Understand Train Set, Gallery Set and Probe Set in Face Recognition – Deep Learning Tutorial

By | September 24, 2021

When you are building face recognition model using deep learning, you have to build a train set, gallery set and probe set to evaluate the performance of your model. In this tutorial, we will introduce these three sets.

Train set

Training set usually be used to train your model. It usually be splitted to three parts.

For example: Here Data is all train set, it will be splitted a train, valid and test set.
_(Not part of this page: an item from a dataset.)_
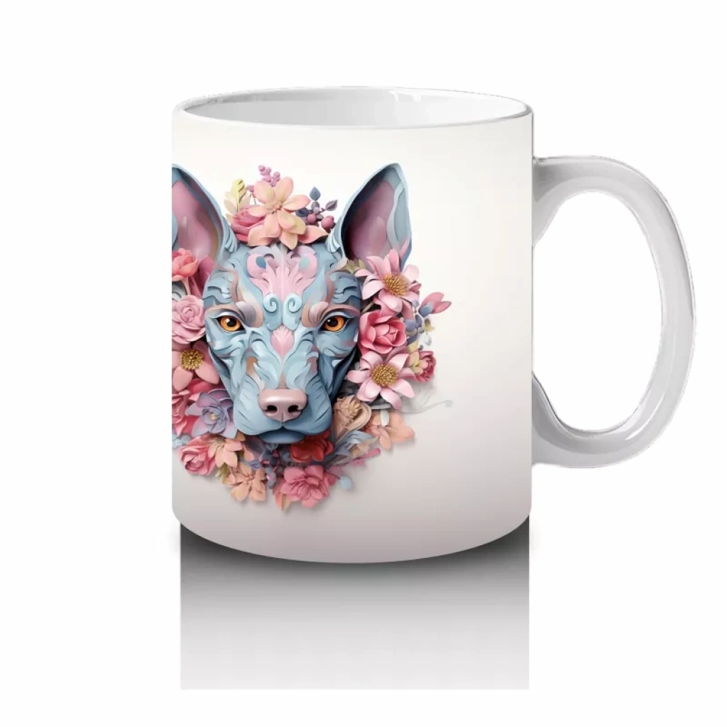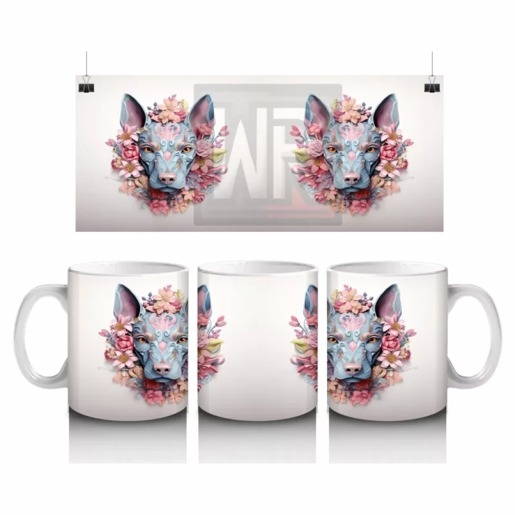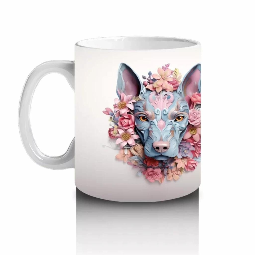 Çiçeklerden oluşan renkli tavşan kafaları, simetrik ve estetik bir görünüm sunuyor. Canlı ve sanatsal detayları sevenler için ideal bir kupa.

split data into train validation and test set

How to split a total train set into three parts, you can view this tutorial:

Split IMDB Movie Review Dataset (aclImdb) into Train, Test and Validation Set: A Step Guide for NLP Beginners

As to Train, Valid and Test, we should use them as follows:

Train: Use this set to train our model.

Valid: Use this set to select hyper parameters, such as learning rate, batch size et al.

Test: Use this set to compute final metrics. We usually select the result on Test as to model final result based on the best result on Valid.

For example, as to classification problem, we compute the accuracy of Valid and Test per 25 steps when traing our model. The best accuracy of Valid set is 98% and the best accuracy of Test set is 96% at the 4000 step. The accuracy of our model is 96%, even if the accuracy of Test set is 98% at the 5000 step.

Gallery set

Suppose you have a blacklist which contains 500 persons. You can use one, two or more face pictures of these people to build this blacklist.

For example, you may use two face pictures of each person to build this blacklist, your blacklist will contains 1,000 items.

a blacklist example

This blacklist is a gallery set, you will use a model to judge a person is in this blacklist or not. It is easy to know we can not use data in gallery set to train model.

Probe set

Probe set also can not be used to train model. It usually contain two parts:

Part 1: Data in gallery set.

For example, there are 250 persons both in probe and gallery set, however, their face images are different. Our model should judge a person in probe set is also in gallery set by his face picture.

Part 2: Data not in gallery set.

As blacklist mentioned above, our model should judge a person who is not in blacklist is really not in blacklist.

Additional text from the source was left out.